いやあ笑った笑った。大ちゃんの席のそばの編集部員マッキ(仮名)がドリフのカトちゃんみてえなクシャミをするからではありません(知らんよ)。超大人気シリーズの8巻目! 校了しながら、こんなに楽しんじゃっていいのかなと思いますわ。例によって五輪四大会連続金メダリスト級のコミュ障ディアブロくん(今や国王)、民衆について丁重な相談を持ち込まれても、どうしていいかわからず、うっかり「まとめて殲滅してくれるわ」くらいのことを、ダハハハ、口走っちゃうわけですよ。でもね、最近は少しずつ本音の会話も出てくるようになって、思わず「貴様、糞ゲーではないか!?」ってガハハハハはハハ。

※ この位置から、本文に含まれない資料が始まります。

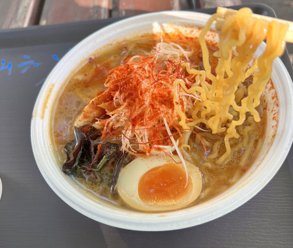 札幌オータムフェスト4丁目IN4スクエアで、噂の西山ラーメンをすすりながら、爽やかな香りのサッポロSORACHI 1984を流し込む贅沢タイム!
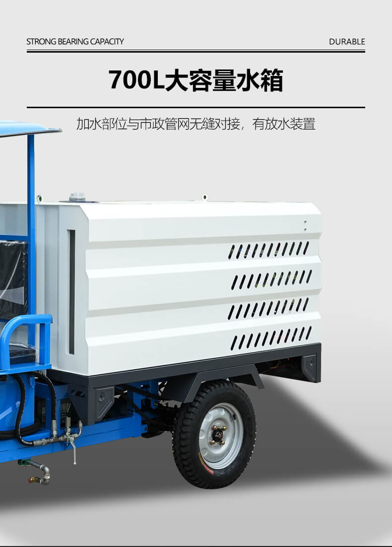 升级钣金外壳箱体有效防锈,轻松实现个性化定制涂装。加水部位与市政管网无缝对接,有放水装置,水箱容积750L,冲洗时间大大延长。

いかん、いちいち紹介していくとキリがない。じゃあ、あとちょっとだけ今回のディアブロくん名言集っていうか名フレーズ集を──。

──俺みたいなダンゴムシと結婚して、本当に幸せなのか? マイナス思考が吹き出した。──
──どれほど魅力的な女性が近くにいようとも“どうせ自分には無関係”と無視する習慣が身についている。──
──昔から、人の言うことをきかなかった。自分で決めたことは曲げたくない。コミュ障ではあっても、主体性はある。周りが何と言おうと貫き通す。──

貼っとけ!! 紙に書いて貼っとけ!!!  あっ、も1個ネタバレ。ネタじゃないけど。本作208ページにて間違いさがしあり。間違いではないんですが2カ所の仕掛けアリ猪木。大ちゃん、すぐにわかりました。校了者ってのはそこまで読み込むのだ。えらそうだ。クシャミ出そうだ。

ほろにがく、あたたかい、そんなおはなし。

『あのねこのまちあのねこのまち 壱』書影
著:紫野 一歩 イラスト:旅空
イノヤスコメント

実は何度読んでも、このタイトルをどう読んでいいか迷ってしまうのです。それも著者と担当の思うつぼなのでありましょう……あのね、このまち、あのねこの、まち──この区切り方でいいんですよね? ビートルズに「Nowhere Man」という曲がありますが、区切りを変えれば「Now here man」になるってのと同じなんですかね。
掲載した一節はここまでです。